Task item:
Word for word, set down the lines from the one that holds "Poster Bem-vindo ao" through the final line of the listing below, and exclude every picture.

Stored data:
····················
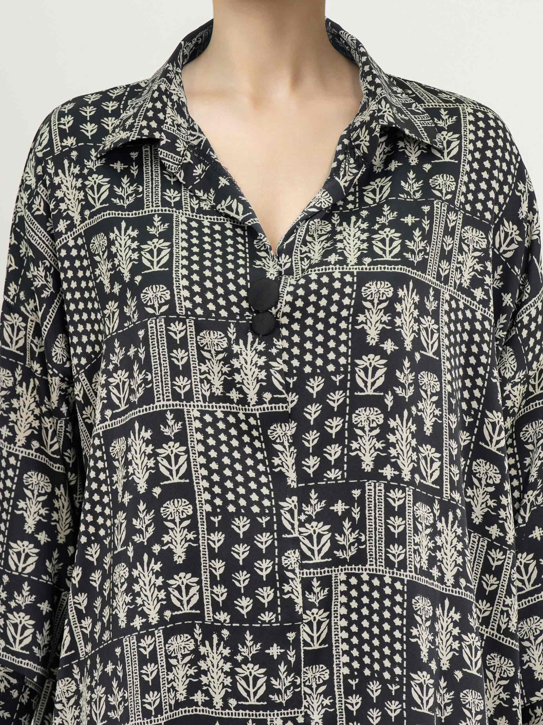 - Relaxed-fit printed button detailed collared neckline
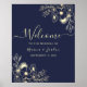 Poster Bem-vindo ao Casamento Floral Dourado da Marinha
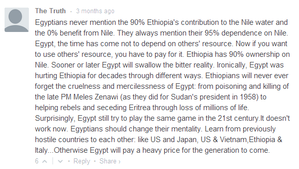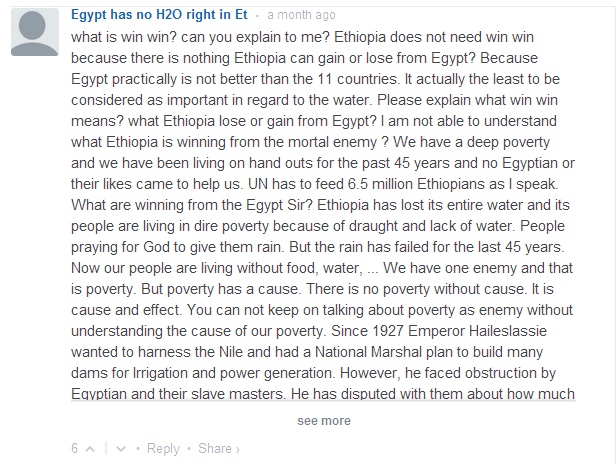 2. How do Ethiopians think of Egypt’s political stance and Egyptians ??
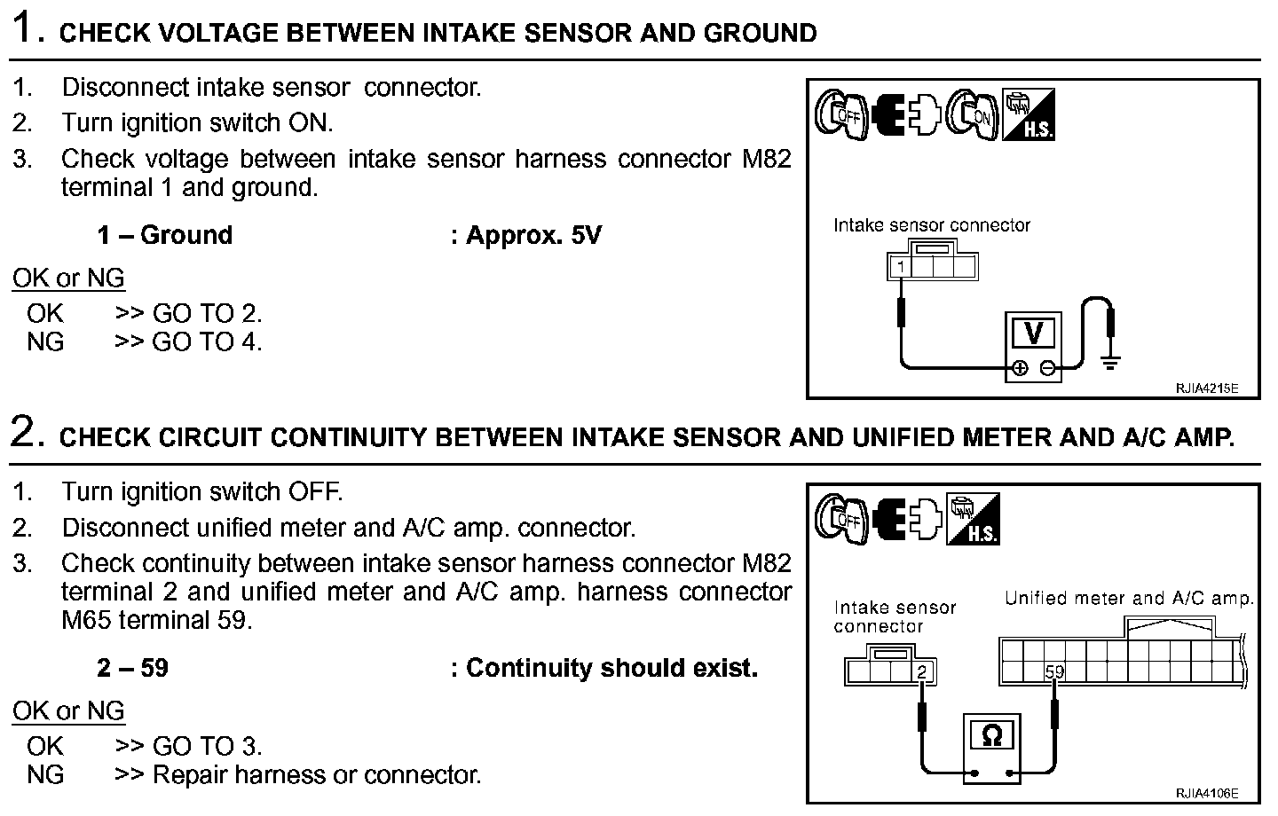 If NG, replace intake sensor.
····················
Solution to this task:
 Poster Bem-vindo ao Casamento Floral Dourado da Marinha
 2. How do Ethiopians think of Egypt’s political stance and Egyptians ??
 If NG, replace intake sensor.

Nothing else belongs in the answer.